» Brief
Copy exactly the lines of the material below that run from the one containing "LEGENDS Z-A』(ポケモンレジェンズZ-A/ポケモンZA) の冒険の舞台ミアレシティにおけるピジョットの生息地/分布図。" through the one containing "stove, fridge, microwave, full". Copy no other lines.

--- Supplied information Enclosed Below ---

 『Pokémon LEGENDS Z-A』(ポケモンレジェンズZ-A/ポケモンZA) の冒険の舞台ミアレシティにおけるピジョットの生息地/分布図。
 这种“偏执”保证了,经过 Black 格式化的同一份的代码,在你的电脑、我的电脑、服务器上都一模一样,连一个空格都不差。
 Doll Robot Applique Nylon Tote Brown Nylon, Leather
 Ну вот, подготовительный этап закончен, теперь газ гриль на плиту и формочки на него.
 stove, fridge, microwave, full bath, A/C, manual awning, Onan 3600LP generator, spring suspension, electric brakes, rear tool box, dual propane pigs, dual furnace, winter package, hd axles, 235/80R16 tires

--- End of Enclosed Supplied information ---
--- Supplied information Enclosed Below ---

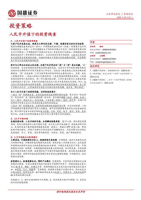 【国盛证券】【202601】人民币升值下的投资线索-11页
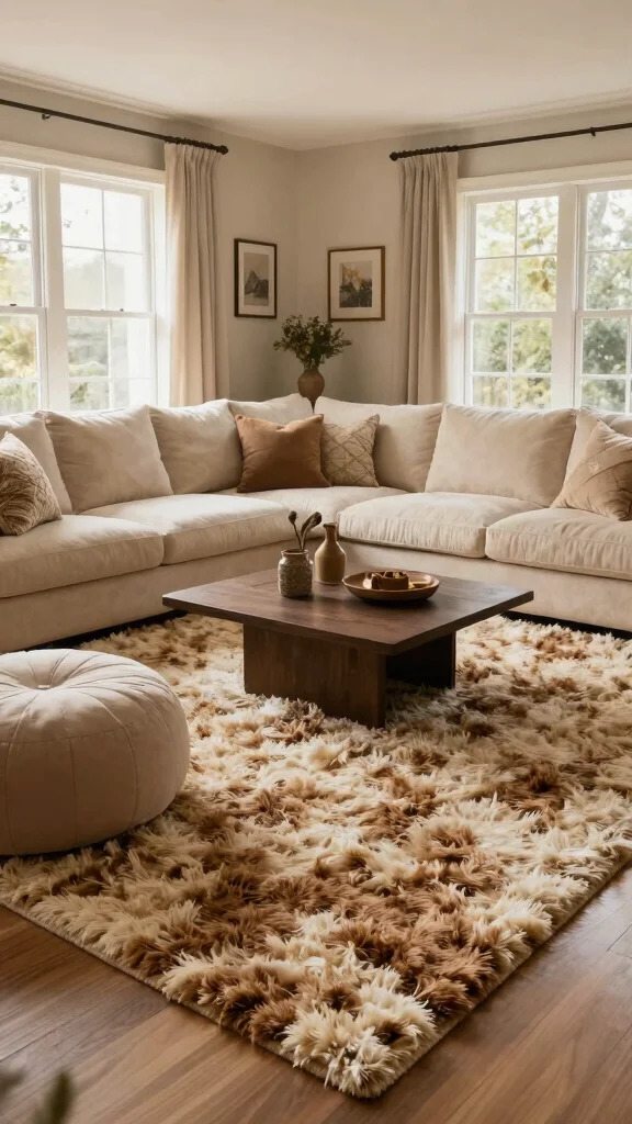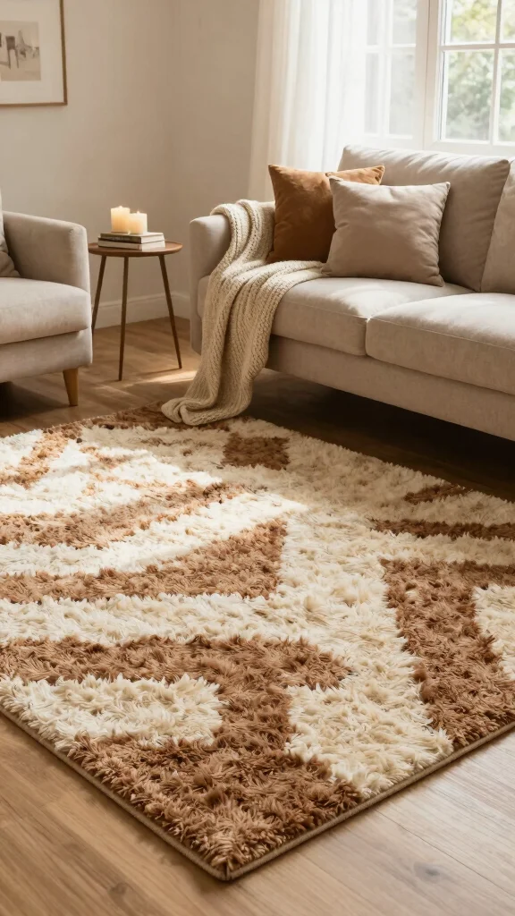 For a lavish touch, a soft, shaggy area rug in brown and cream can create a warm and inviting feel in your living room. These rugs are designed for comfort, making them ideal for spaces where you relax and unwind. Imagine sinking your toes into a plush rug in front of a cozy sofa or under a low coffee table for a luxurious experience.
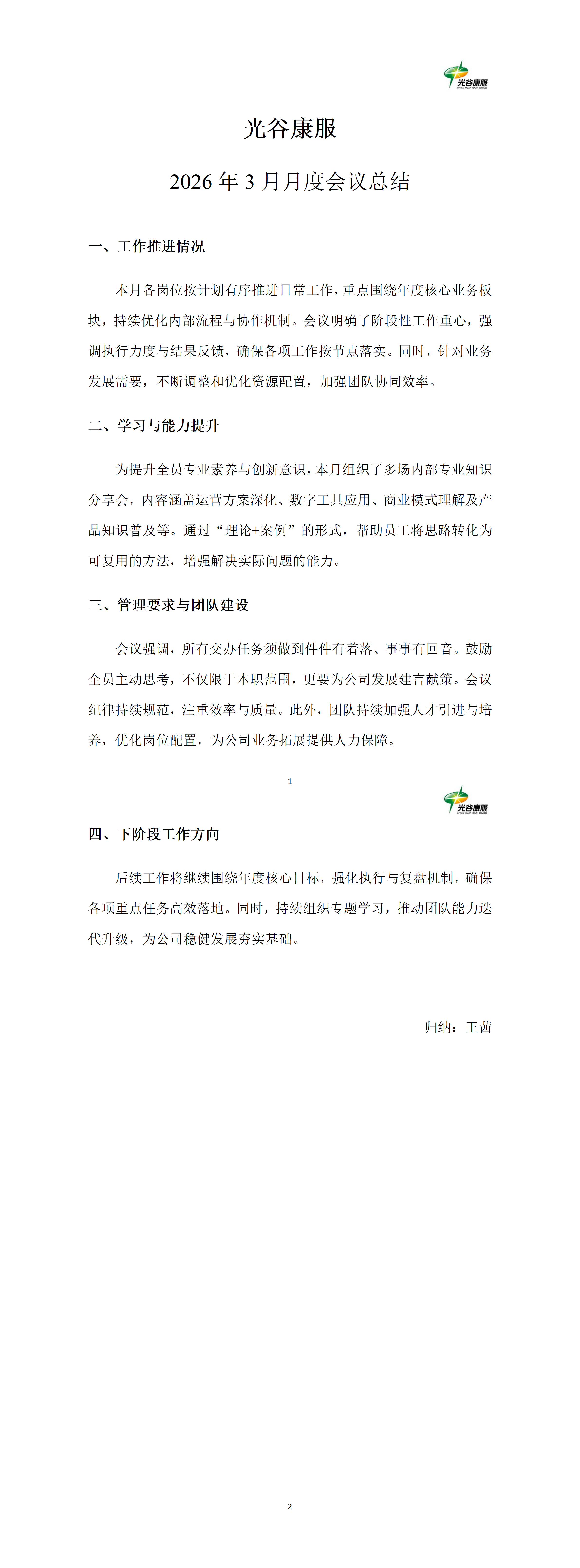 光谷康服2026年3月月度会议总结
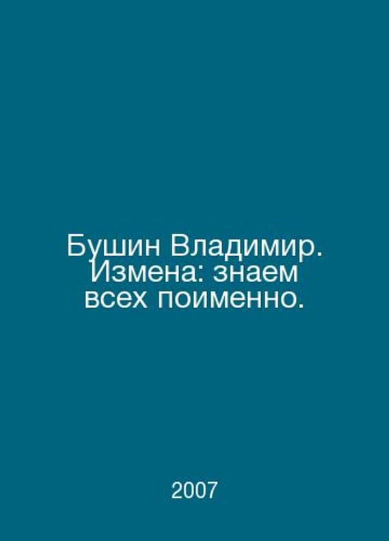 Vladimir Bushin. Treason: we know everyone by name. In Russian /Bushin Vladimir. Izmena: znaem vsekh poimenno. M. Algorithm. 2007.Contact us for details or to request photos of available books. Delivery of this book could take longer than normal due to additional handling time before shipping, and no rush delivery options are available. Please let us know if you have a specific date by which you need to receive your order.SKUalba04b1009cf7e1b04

--- End of Enclosed Supplied information ---
--- Supplied information Enclosed Below ---

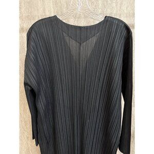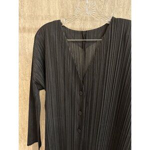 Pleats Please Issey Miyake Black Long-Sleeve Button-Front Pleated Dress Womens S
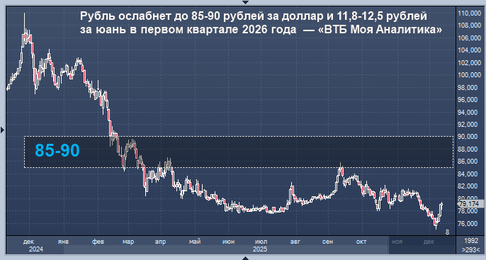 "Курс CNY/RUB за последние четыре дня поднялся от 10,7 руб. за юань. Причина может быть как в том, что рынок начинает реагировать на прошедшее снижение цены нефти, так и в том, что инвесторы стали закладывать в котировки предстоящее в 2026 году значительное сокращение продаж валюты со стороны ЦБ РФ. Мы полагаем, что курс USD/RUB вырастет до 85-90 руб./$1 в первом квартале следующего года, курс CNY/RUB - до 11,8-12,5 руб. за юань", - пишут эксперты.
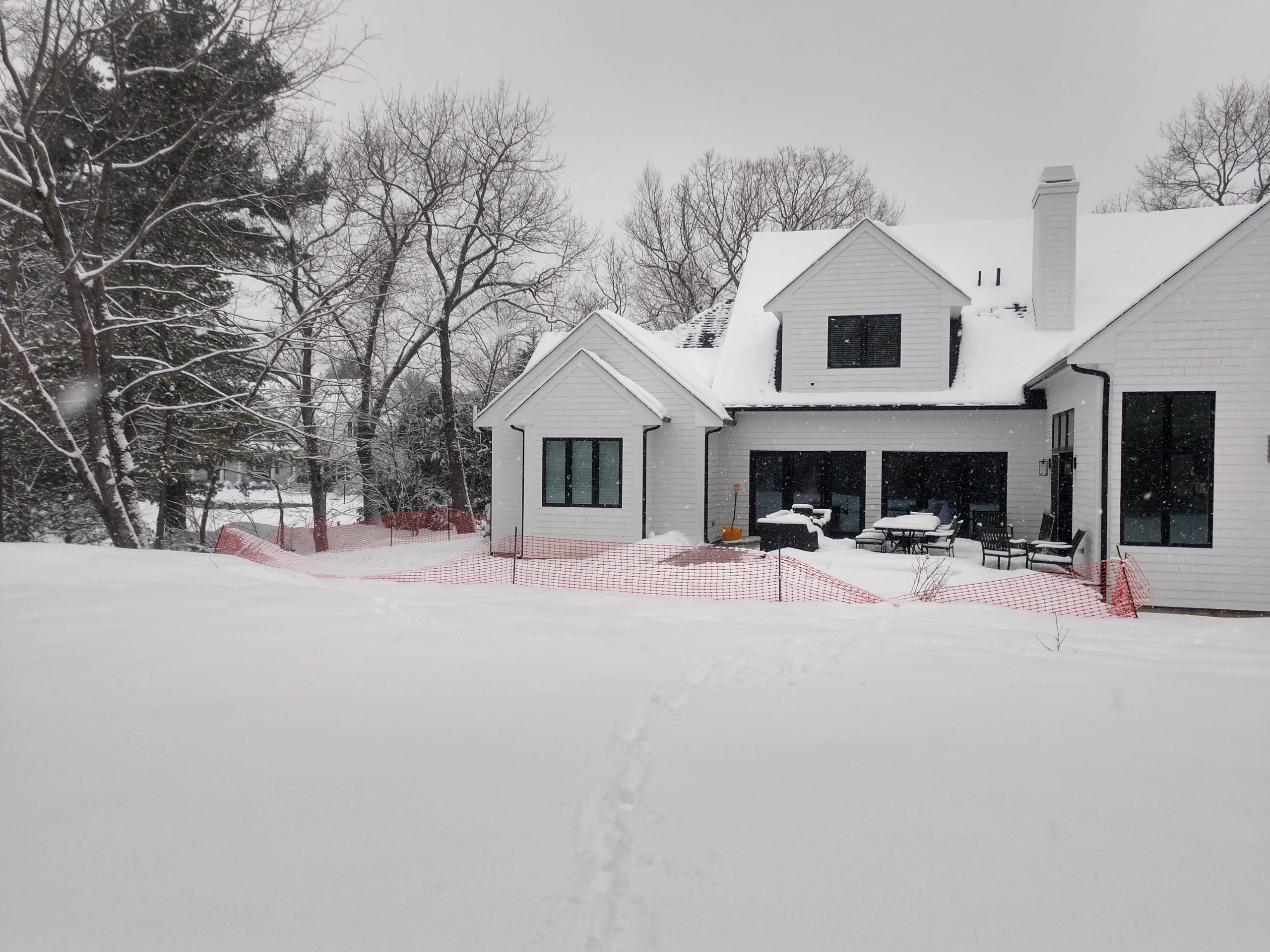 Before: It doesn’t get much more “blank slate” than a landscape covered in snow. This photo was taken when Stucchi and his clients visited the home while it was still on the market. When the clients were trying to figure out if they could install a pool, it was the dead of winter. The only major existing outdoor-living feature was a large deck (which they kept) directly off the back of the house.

--- End of Enclosed Supplied information ---

» Answer box
 『Pokémon LEGENDS Z-A』(ポケモンレジェンズZ-A/ポケモンZA) の冒険の舞台ミアレシティにおけるピジョットの生息地/分布図。
 这种“偏执”保证了,经过 Black 格式化的同一份的代码,在你的电脑、我的电脑、服务器上都一模一样,连一个空格都不差。
 Doll Robot Applique Nylon Tote Brown Nylon, Leather
 Ну вот, подготовительный этап закончен, теперь газ гриль на плиту и формочки на него.
 stove, fridge, microwave, full bath, A/C, manual awning, Onan 3600LP generator, spring suspension, electric brakes, rear tool box, dual propane pigs, dual furnace, winter package, hd axles, 235/80R16 tires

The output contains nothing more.